# Assigned task:
Copy the lines below exactly. No picture goes into the copy.

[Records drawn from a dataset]
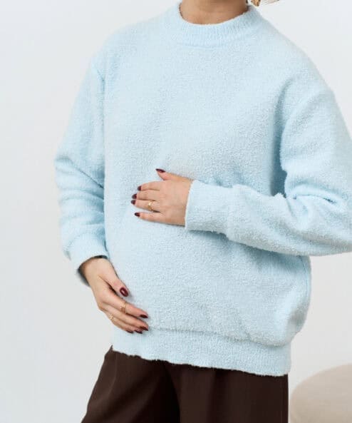 Базовый джемпер с круглой горловиной и спущенной линией плеч, который подойдет на любой срок беременности и после. Мягкая эластичная вязка и мягкий состав пряжи подарят комфорт в любое время года.
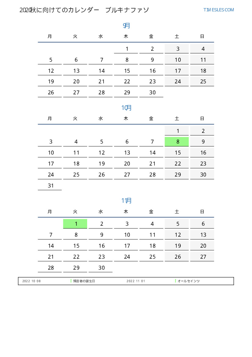 ブルキナファソ2022秋に向けての休日と週末のカレンダー
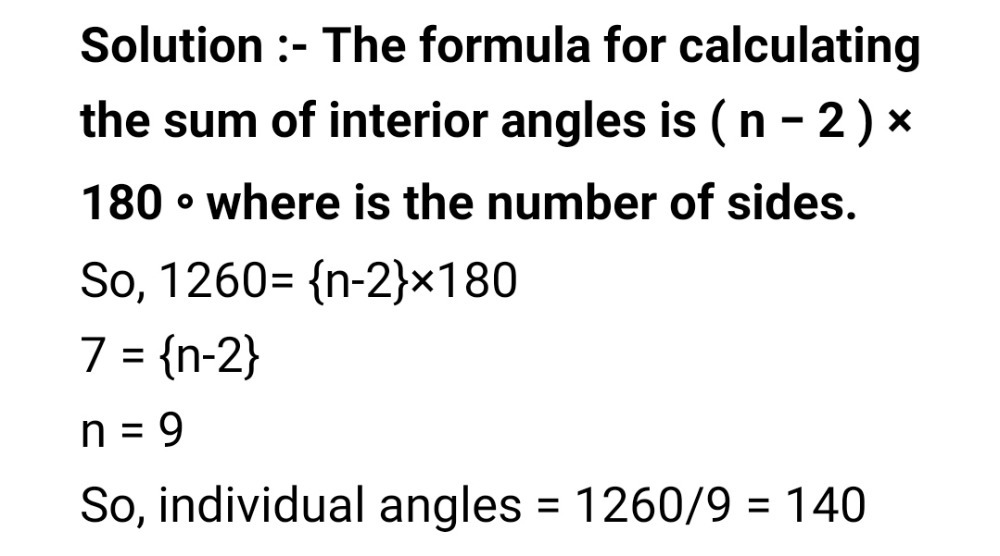 Plug in the number of sides and calculate now, divide by 16 to get the measure of one interior angle the number of sheets of paper available for making notebook is 75,000. Therefore the number of sides of the regular polygon is 8. As there are #8# interior angles each #135^o#. This is the currently selected item. Sum of interior angles = (n−2) × 180°. Remember, take the number of sides minus 2, and multiply by 180! Regular polygons exist without limit (theoretically), but as to find the measure of a single interior angle, then, you simply take that total for all the angles and divide it by. Another example the interior angles of a pentagon add up to 540°. A pentagon contains 3 triangles. The polygon has 60 sides. And we get to the originally stated formula. To find the number of sides given the central angle 6°: The interior angles of a polygon and the method for calculating their values.
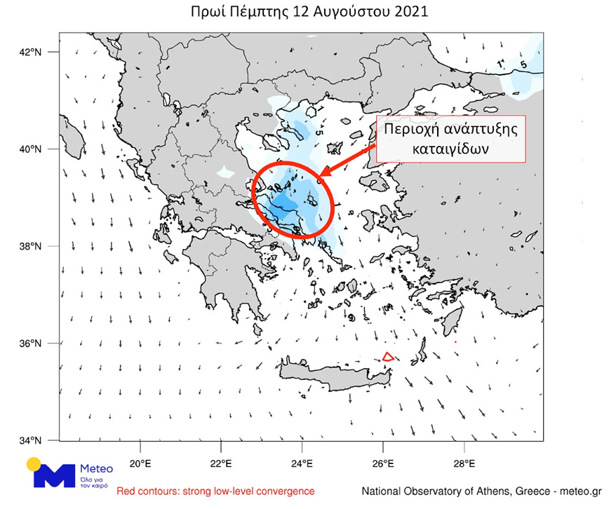 Ο χάρτης του ΕΕΑ / meteo, παρακάτω, δείχνει με γαλάζιο χρώμα τις περιοχές με ευνοϊκές συνθήκες για την ανάπτυξη καταιγίδων το πρωί της Πέμπτης 12/08:
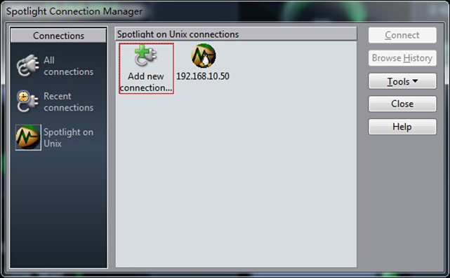 进入Spotlight界面,进入File菜单点击Connect,进入如下界面:
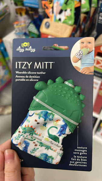 Babies love to chew to soothe swollen and teething gums. Our modern teething mitt is worn like a glove, making it perfect for babies who can’t yet hold a teether. The Itzy Ritzy Silicone Teething Mitt is made from food grade silicone and is durable, flexible and non-toxic. It includes a stimulating crinkle sound to keep baby entertained. The textured silicone surface helps baby discover new senses while getting relief from sore gums.
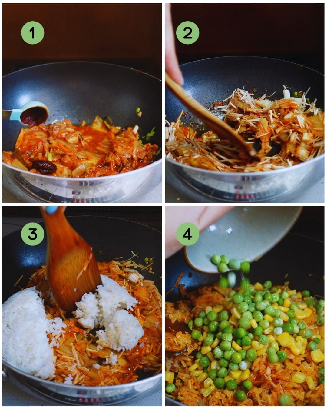 Heat oil in a pan and sautΓ© the white part of the scallions with kimchi and gochujang for 1 minute.
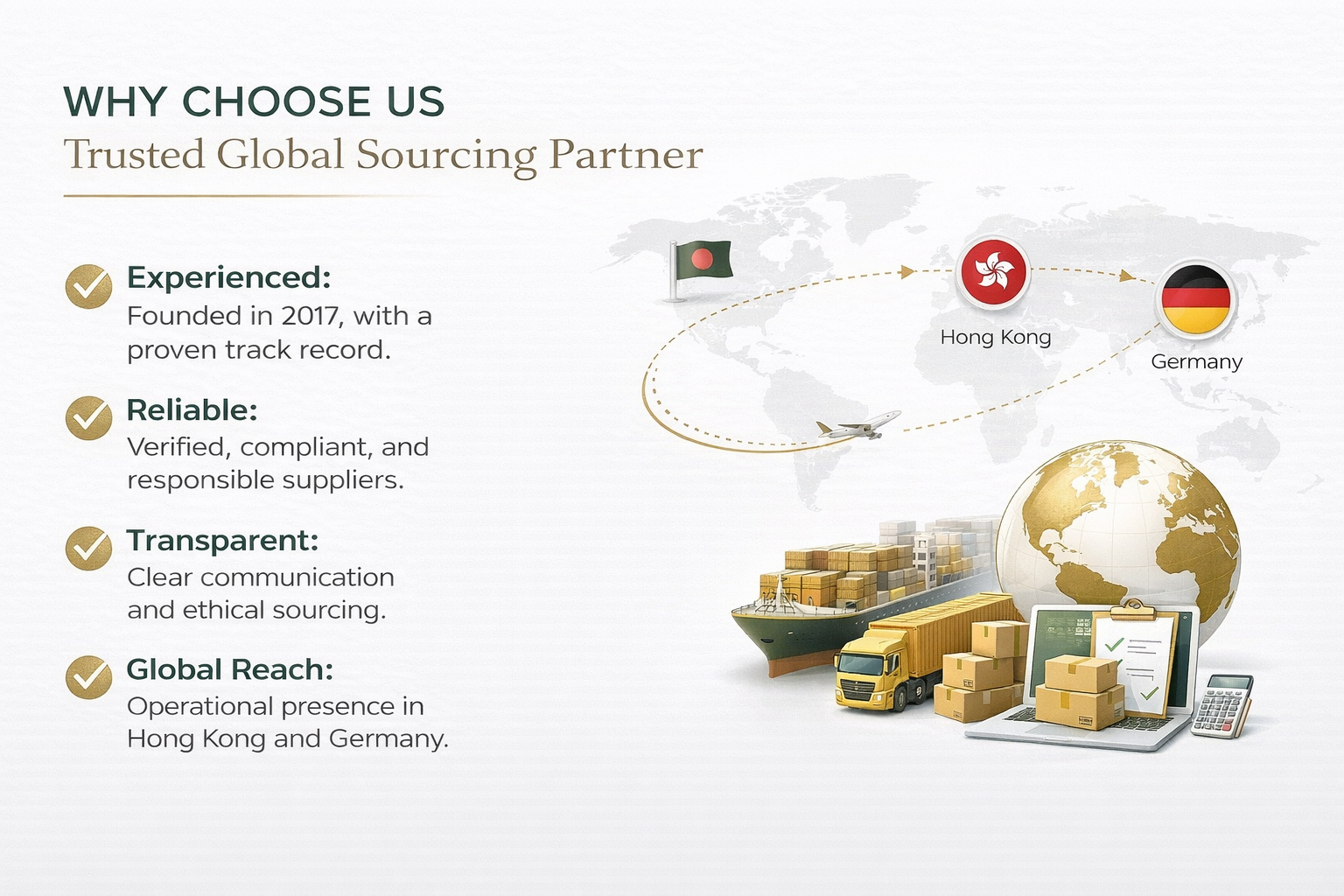 Professional sourcing company connecting European importers, wholesalers, and private-label brands with reliable garment, textile, and jute manufacturers in Bangladesh.
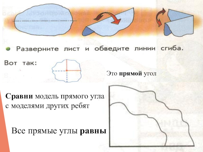 Сравни модель прямого угла с моделями других ребятВсе прямые углы равныЭто прямой угол

# Result:
 Базовый джемпер с круглой горловиной и спущенной линией плеч, который подойдет на любой срок беременности и после. Мягкая эластичная вязка и мягкий состав пряжи подарят комфорт в любое время года.
 ブルキナファソ2022秋に向けての休日と週末のカレンダー
 Plug in the number of sides and calculate now, divide by 16 to get the measure of one interior angle the number of sheets of paper available for making notebook is 75,000. Therefore the number of sides of the regular polygon is 8. As there are #8# interior angles each #135^o#. This is the currently selected item. Sum of interior angles = (n−2) × 180°. Remember, take the number of sides minus 2, and multiply by 180! Regular polygons exist without limit (theoretically), but as to find the measure of a single interior angle, then, you simply take that total for all the angles and divide it by. Another example the interior angles of a pentagon add up to 540°. A pentagon contains 3 triangles. The polygon has 60 sides. And we get to the originally stated formula. To find the number of sides given the central angle 6°: The interior angles of a polygon and the method for calculating their values.
 Ο χάρτης του ΕΕΑ / meteo, παρακάτω, δείχνει με γαλάζιο χρώμα τις περιοχές με ευνοϊκές συνθήκες για την ανάπτυξη καταιγίδων το πρωί της Πέμπτης 12/08:
 进入Spotlight界面,进入File菜单点击Connect,进入如下界面:
 Babies love to chew to soothe swollen and teething gums. Our modern teething mitt is worn like a glove, making it perfect for babies who can’t yet hold a teether. The Itzy Ritzy Silicone Teething Mitt is made from food grade silicone and is durable, flexible and non-toxic. It includes a stimulating crinkle sound to keep baby entertained. The textured silicone surface helps baby discover new senses while getting relief from sore gums.
 Heat oil in a pan and sautΓ© the white part of the scallions with kimchi and gochujang for 1 minute.
 Professional sourcing company connecting European importers, wholesalers, and private-label brands with reliable garment, textile, and jute manufacturers in Bangladesh.
 Сравни модель прямого угла с моделями других ребятВсе прямые углы равныЭто прямой угол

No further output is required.